**TASK BRIEF:** Retype, exactly and with both ends included, the lines below from the one containing "DLRM 实现所需要的相关接口在 PyTorch" through the end; omit the pictures.

**DATA PROVIDED:**
=======
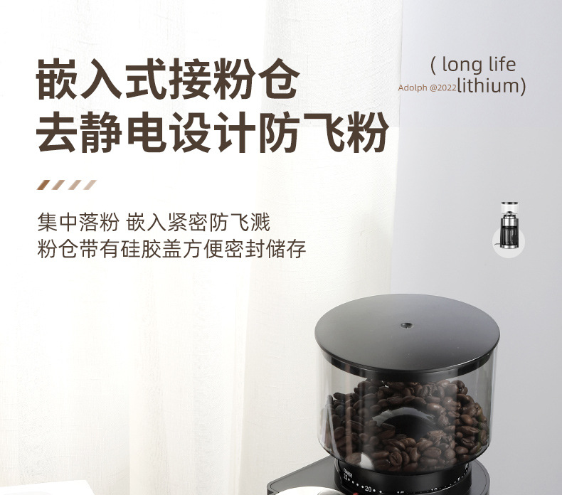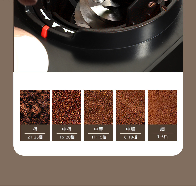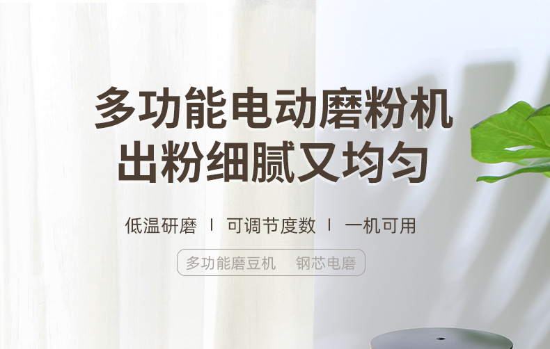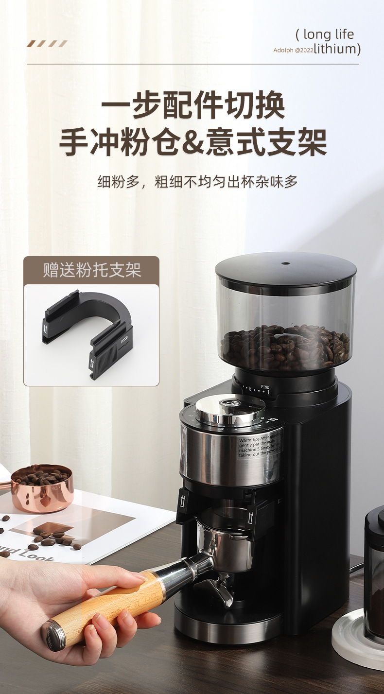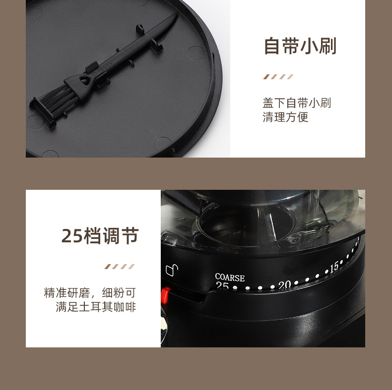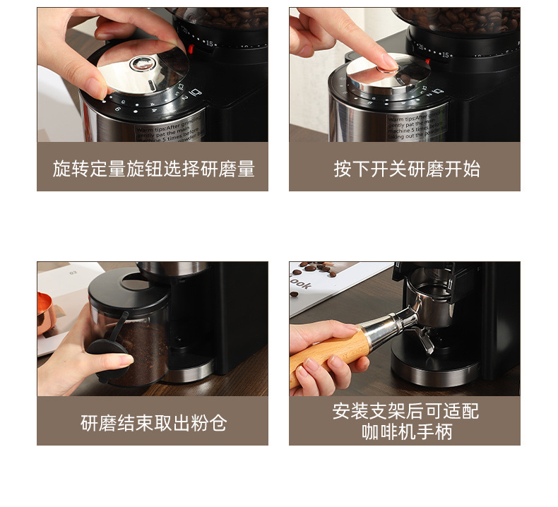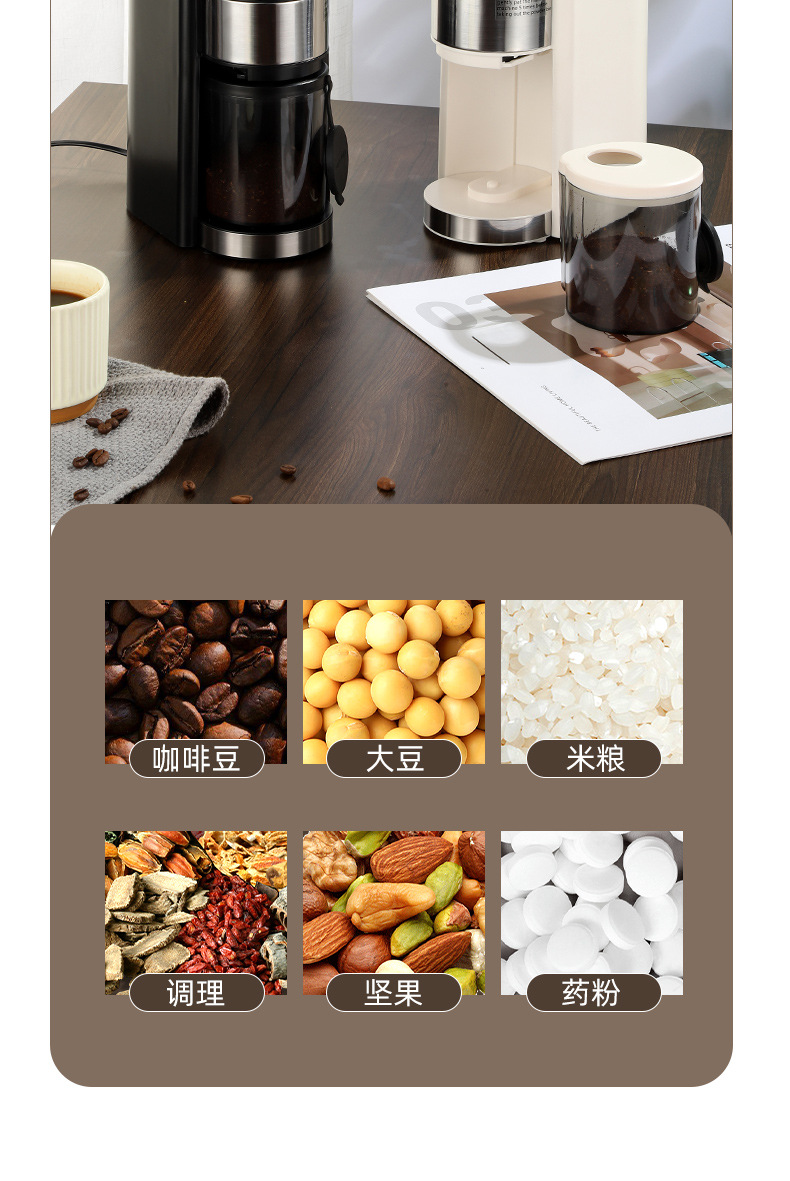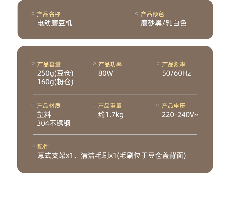 产品配套: 研磨器X1 ,粉托支架X1(直接卡在出粉口下面),毛刷X1(在豆仓盖子下面),密封罐X1 ,接粉环X1
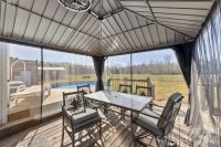With a half-acre lot and a rural-feeling location, this home provides space and peace without giving up convenience. The layout works for many lifestyles, with three bedrooms on the main level and an upstairs bonus room with a closet. This adds flexible space without taking away from the open main living area, or can be used as a 4th bedroom. The great room centers around a shiplap TV wall with an electric fireplace and custom wood mantel, creating a comfortable spot for everyday downtime. Well kept hardwood floors in the living areas. All light fixtures on main level have been replaced. Brand new microwave, and the stove was replaced in 2023. The primary suite features an updated bathroom, and the secondary bedrooms with full bath are set on their own side of the home. The added barn door can close that section off for added privacy. Large two car side load garage and plenty of parking space in the driveway. 30 amp receptacle was added for your fun tools and hobbies. If you're not already sold yet, the backyard will seal the deal! Extended deck and gazebo, salt water above ground pool, and completely fenced in. Seller has kept the home immaculate - a true move in ready home. ALL of this with a great location in a non HOA community.
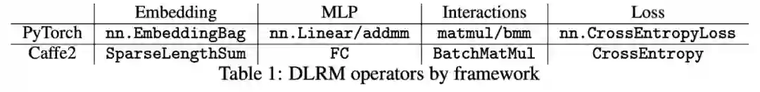 DLRM 实现所需要的相关接口在 PyTorch 和 Caffe2 中都有实现,见 Table 1。
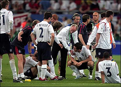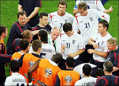 Ông Eriksson tập hợp đội quân đẫm mồ hôi của mình để dặn dò trước khi thi đấu hai hiệp phụ, trong khi các cổ động viên của Anh reo hò cuồng nhiệt
=======
**RESULT:**
 DLRM 实现所需要的相关接口在 PyTorch 和 Caffe2 中都有实现,见 Table 1。
 Ông Eriksson tập hợp đội quân đẫm mồ hôi của mình để dặn dò trước khi thi đấu hai hiệp phụ, trong khi các cổ động viên của Anh reo hò cuồng nhiệt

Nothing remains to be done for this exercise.